Synopsis
An inside portrait of the Third Reich by the son of Hans Frank, an executed Nazi war criminal, condemns his father and his Nazi contemporaries in a collection of painful memories that follow the "monsterization" of Hans Frank
Reviews
Frank was seven years old when his father, Dr. Hans Frank, Hitler's governor-general of occupied Poland, was executed at Nuremberg as a Nazi war criminal. Here he bitterly, unforgivingly denounces his father as "a slime-hole of a Hitler fanatic," a fawning coward, a pompous actor whose speeches were "the drivel of a numbskull," and a murderer. The author doubts that Dr. Frank's 11th-hour piety in his Nuremberg cell was genuine and regrets the failure of a 1944 assassination attempt. (He is equally hard on his mother, whom he calls "a sleazy fur dealer.") All this, based on prodigious research, is presented in a gleefully manic way that verges on hysteria. While Frank's prose possesses considerable literary power, the nonstop diatribe becomes offensive, then boring. Frank writes for the German magazine Stern.
Copyright 1991 Reed Business Information, Inc.

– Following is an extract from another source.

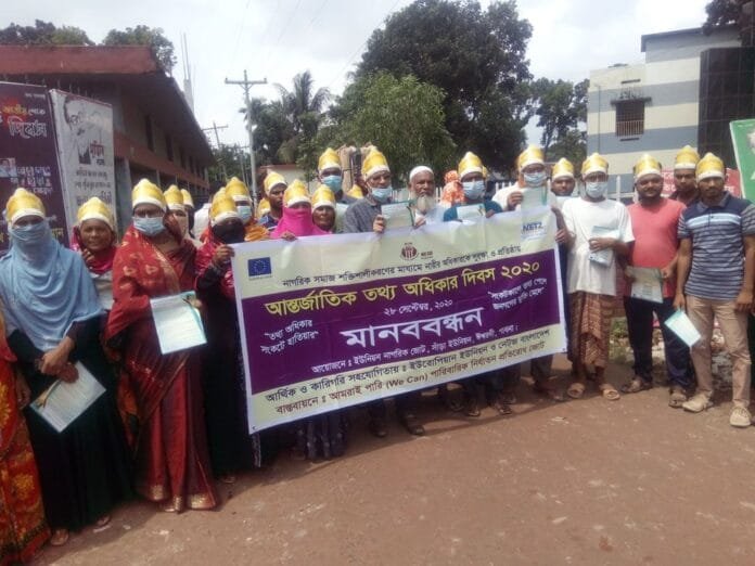 ঈশ্বরদী প্রতিনিধি :ইউরোপিয়ান ইউনিয়ন নেট্জ বাংলাদেশ এর আর্থিক ও কারিগরি সহযোগিতায় এবং আমরাই পারি পারিবারিক নির্যাতন প্রতিরোধ জোট এর বাস্তবায়নে ‘তথ্য অধিকার সংকটে হাতিয়ার’ প্রতিপাদ্য নিয়ে আন্তর্জাতিক তথ্য অধিকার দিবস ২০২০ পালিত হয়েছে। ”সংকটকালে তথ্য পেলে জনগনের মুক্তি মেলে” এই স্লোগান কে সামনে নিয়ে পাবনার ঈশ্বরদী উপজেলার সাঁড়া ইউনিয়ন নাগরিক জোটের আয়োজনে ২৯/৯/২০২০ মঙ্গলবার সকালে আন্তর্জাাতিক তথ্য দিবস উপলক্ষে মানববন্ধন অনুষ্ঠিত হয়েছে।

A bitter and often shocking memoir of Hans Frank, Nazi Governor-General of Poland, by his journalist son. Beginning with the fact, learned apparently from an aunt, that his mother had no orgasm when he was conceived, and proceeding on to a detailed discussion of his father's execution after he was convicted of war crimes at Nuremberg, including speculation as to the quality of the sound when his father's neck snapped, Frank gives a chronological account of his father's checkered career. A lawyer with dreams of grandeur, the elder Frank participated in a minor way in Hitler's abortive Putsch in 1923. He caught the Fhrer's eye when he defended some Nazi hooligans, and thereafter his ascent was rapid: Bavarian Minister of Justice; President of the Academy for German Justice; Reich Commissioner for Justice; Minister of the Reich--all while still in his 30s. His first compromise with evil lay in his acquiescence in the murder of S.A. leader Rohm and a number of his associates shortly after Hitler's rise to power. Frank's moral decline after becoming Governor- General of Poland was rapid: ``There is no reason for us to be squeamish when we hear about seventeen thousand people being shot,'' he told one audience. Deeply corrupt--they extorted furs and antiques from wealthy Jews--he and his wife laid themselves open to blackmail by Himmler. The son was seven years old when he had a last view of his father, visiting him in the death cell. Unfortunately, the cruelty of the father is matched by a certain cruelty in the son, and the format of the book, an extended conversation with the elder Frank in which the younger mocks and denounces his father's life, diminishes both the subject and the sympathy we would otherwise have for the son. (Sixteen pages of b&w photographs--not seen.) -- Copyright ©1991, Kirkus Associates, LP. All rights reserved.
This is a translation of Frank's book Der Vater eine Abrechnung (Bertelsmann, c.1987). Abrechnung is a settling of accounts. Frank is a reporter for Stern magazine. He is also the son of Hans Frank, governor general of Poland during World War II, who was later executed for war crimes at Nuremberg. Shadow consists of a monolog from Frank to his father in hell, done mostly with hatred and contempt. The reader is uncomfortable because it is like sitting in on a stranger's therapy. The book occasionally borders on bad taste. Nevertheless, it is an important book. It represents the struggle in Germany that has become more intense since reunification. How does a generation deal with the unspeakable sins of its parents? Either the reaction is "what has it to do with me?" or utter contempt. Frank has chosen the latter; just don't mistake his bile for history. For those who worry about reunification, they may find comfort in this brutal reexamination of German Seele soul. For others, the book is akin to Gunter Grass's "Onion Nightclub" in Tin Drum (1962), where people went after the war to peel an onion and cry. Recommended for public and academic libraries.
- Randall L. Schroeder, Augustana Coll., Rock Is land, Ill.